- Directions
Nothing but the pictures should go missing; return all the entries below exactly.

- Record set

━━━━

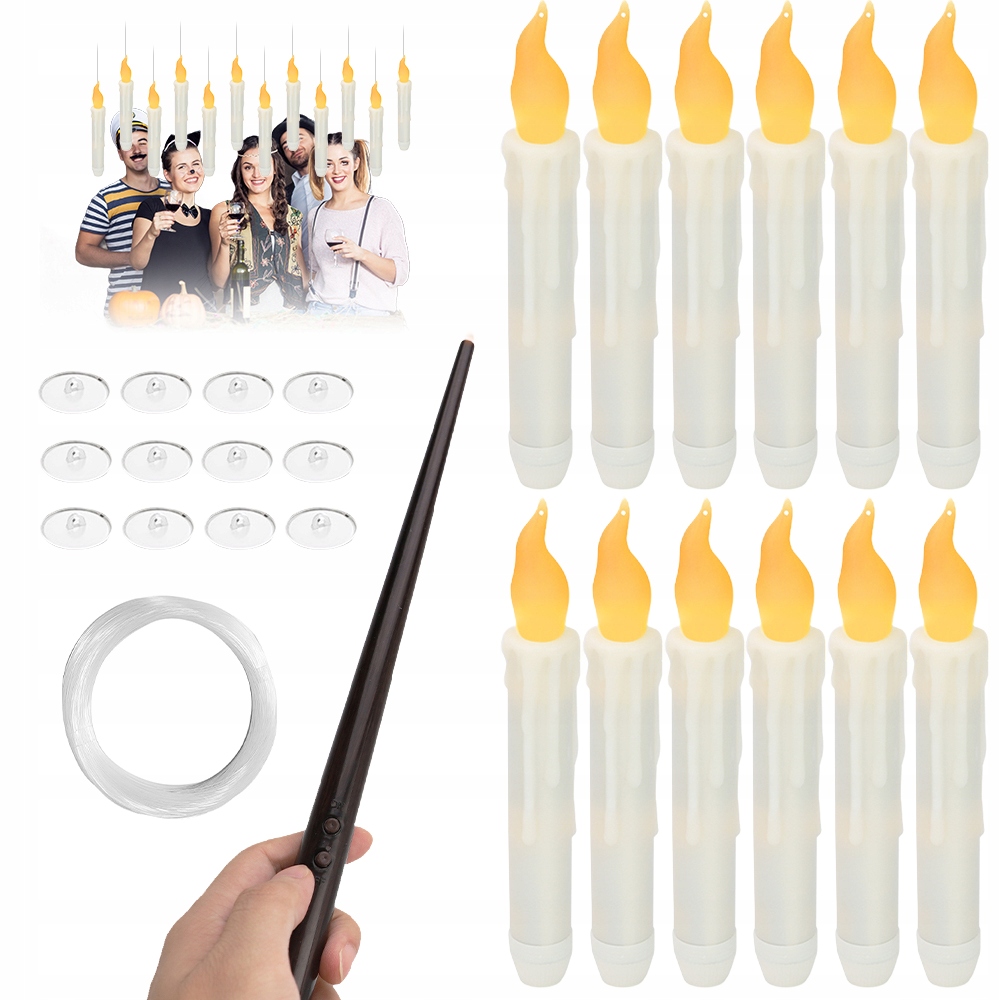 12 ШТ. СВЕТОДИОДНЫЕ СВЕЧИ С ВОЛШЕБНОЙ ПАЛОЧКОЙ ПУЛЬТА ДИСТАНЦИОННОГО УПРАВЛЕНИЯ ПЛАВАЮЩИЕ ПОДВЕСНЫЕ УКРАШЕНИЯ
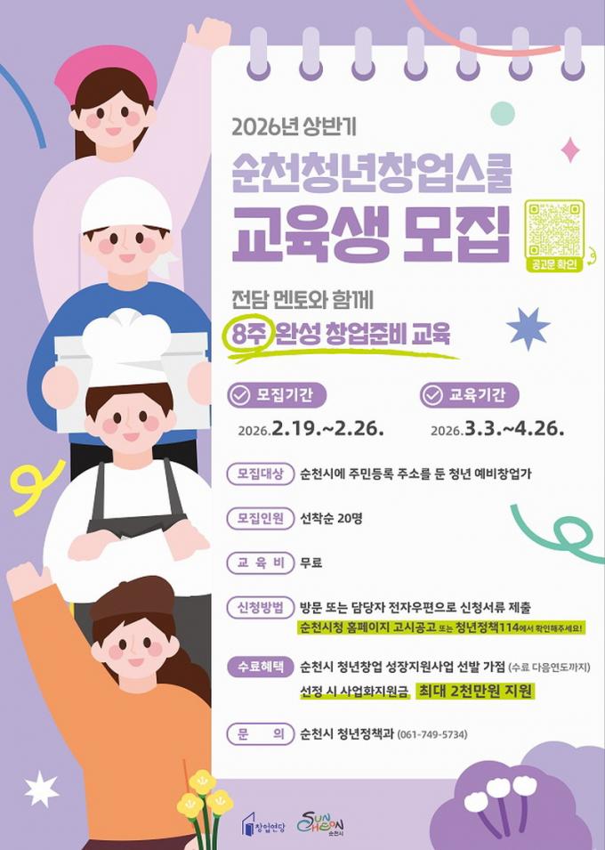 ¼øÃµÃ»³ââ¾÷½ºÄðÀº Àü´ã ¸àÅä¿Í ÇÔ²²ÇÏ´Â 8ÁÖ ¿Ï¼º â¾÷Áغñ ±³À°°úÁ¤À¸·Î â¾÷¿¬´ç(¼øÃµ½Ã ¿ªÀü±¤Àå3±æ 54, »ýźñÁî´Ï½º¼¾ÅÍ)¿¡¼ ÁøÇàµÈ´Ù. ±³À°±â°£Àº 3¿ù 3ÀϺÎÅÍ 4¿ù 28ÀϱîÁö´Ù.
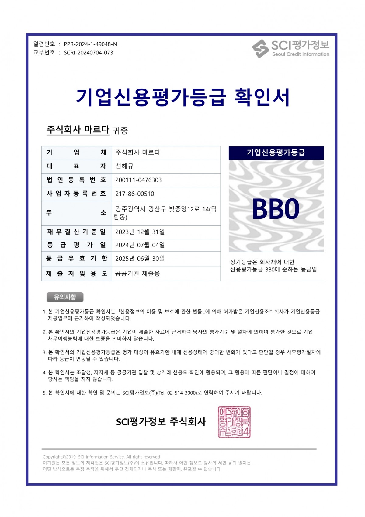 기업신용평가 등급확인서
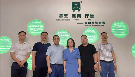 天戈聲學(xué)黃小剛總經(jīng)理首先對里水鎮(zhèn)鄧秀娟鎮(zhèn)長等領(lǐng)導(dǎo)的到來表示熱烈歡迎, 隨后陪同參觀了天戈聲學(xué)營銷中心、吸音隔音科普基地以及天戈聲學(xué)裝飾設(shè)計(jì)院,并詳細(xì)介紹了天戈聲學(xué)品牌發(fā)展歷程、企業(yè)文化及未來規(guī)劃;鄧秀娟鎮(zhèn)長親身體驗(yàn)專業(yè)聲學(xué)混響室,感受了做吸音材料前后混響時(shí)間的巨大區(qū)別,鄧鎮(zhèn)長對天戈聲學(xué)十多年來作為該細(xì)分行業(yè)龍頭對產(chǎn)品的研發(fā)和創(chuàng)新贊不絕口,鄧鎮(zhèn)長表示,天戈聲學(xué)作為里水本地企業(yè)能夠參與眾多國家重大項(xiàng)目的建設(shè),并將聲學(xué)產(chǎn)品賣到100多個(gè)國家感到自豪!
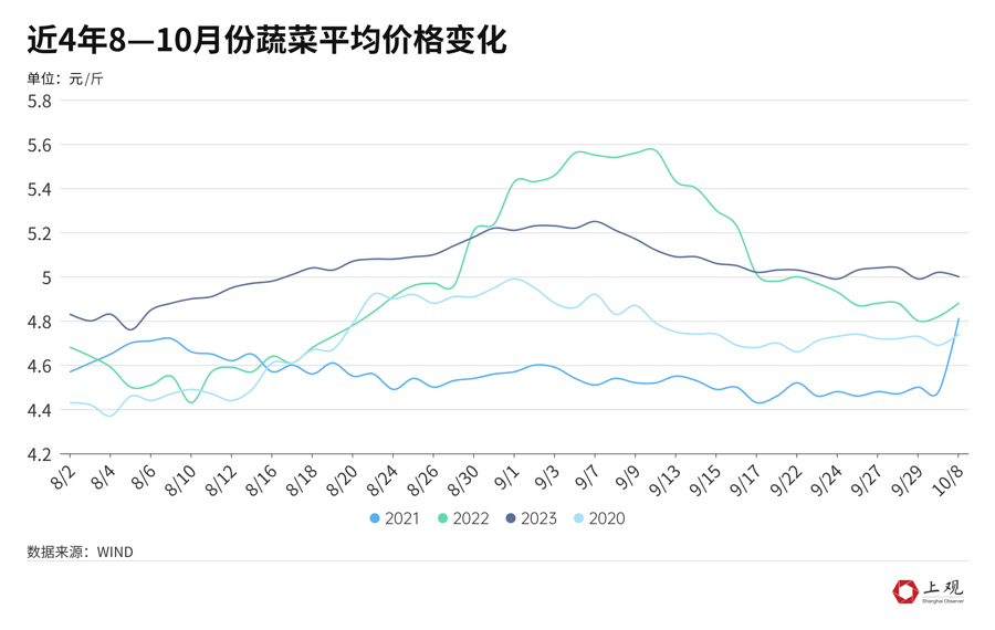 为了探寻蔬菜回落的具体时间,我们聚焦时间轴于8至10月份之间。

━━━━

- Response to this task
 12 ШТ. СВЕТОДИОДНЫЕ СВЕЧИ С ВОЛШЕБНОЙ ПАЛОЧКОЙ ПУЛЬТА ДИСТАНЦИОННОГО УПРАВЛЕНИЯ ПЛАВАЮЩИЕ ПОДВЕСНЫЕ УКРАШЕНИЯ
 ¼øÃµÃ»³ââ¾÷½ºÄðÀº Àü´ã ¸àÅä¿Í ÇÔ²²ÇÏ´Â 8ÁÖ ¿Ï¼º â¾÷Áغñ ±³À°°úÁ¤À¸·Î â¾÷¿¬´ç(¼øÃµ½Ã ¿ªÀü±¤Àå3±æ 54, »ýźñÁî´Ï½º¼¾ÅÍ)¿¡¼ ÁøÇàµÈ´Ù. ±³À°±â°£Àº 3¿ù 3ÀϺÎÅÍ 4¿ù 28ÀϱîÁö´Ù.
 기업신용평가 등급확인서
 天戈聲學(xué)黃小剛總經(jīng)理首先對里水鎮(zhèn)鄧秀娟鎮(zhèn)長等領(lǐng)導(dǎo)的到來表示熱烈歡迎, 隨后陪同參觀了天戈聲學(xué)營銷中心、吸音隔音科普基地以及天戈聲學(xué)裝飾設(shè)計(jì)院,并詳細(xì)介紹了天戈聲學(xué)品牌發(fā)展歷程、企業(yè)文化及未來規(guī)劃;鄧秀娟鎮(zhèn)長親身體驗(yàn)專業(yè)聲學(xué)混響室,感受了做吸音材料前后混響時(shí)間的巨大區(qū)別,鄧鎮(zhèn)長對天戈聲學(xué)十多年來作為該細(xì)分行業(yè)龍頭對產(chǎn)品的研發(fā)和創(chuàng)新贊不絕口,鄧鎮(zhèn)長表示,天戈聲學(xué)作為里水本地企業(yè)能夠參與眾多國家重大項(xiàng)目的建設(shè),并將聲學(xué)產(chǎn)品賣到100多個(gè)國家感到自豪!
 为了探寻蔬菜回落的具体时间,我们聚焦时间轴于8至10月份之间。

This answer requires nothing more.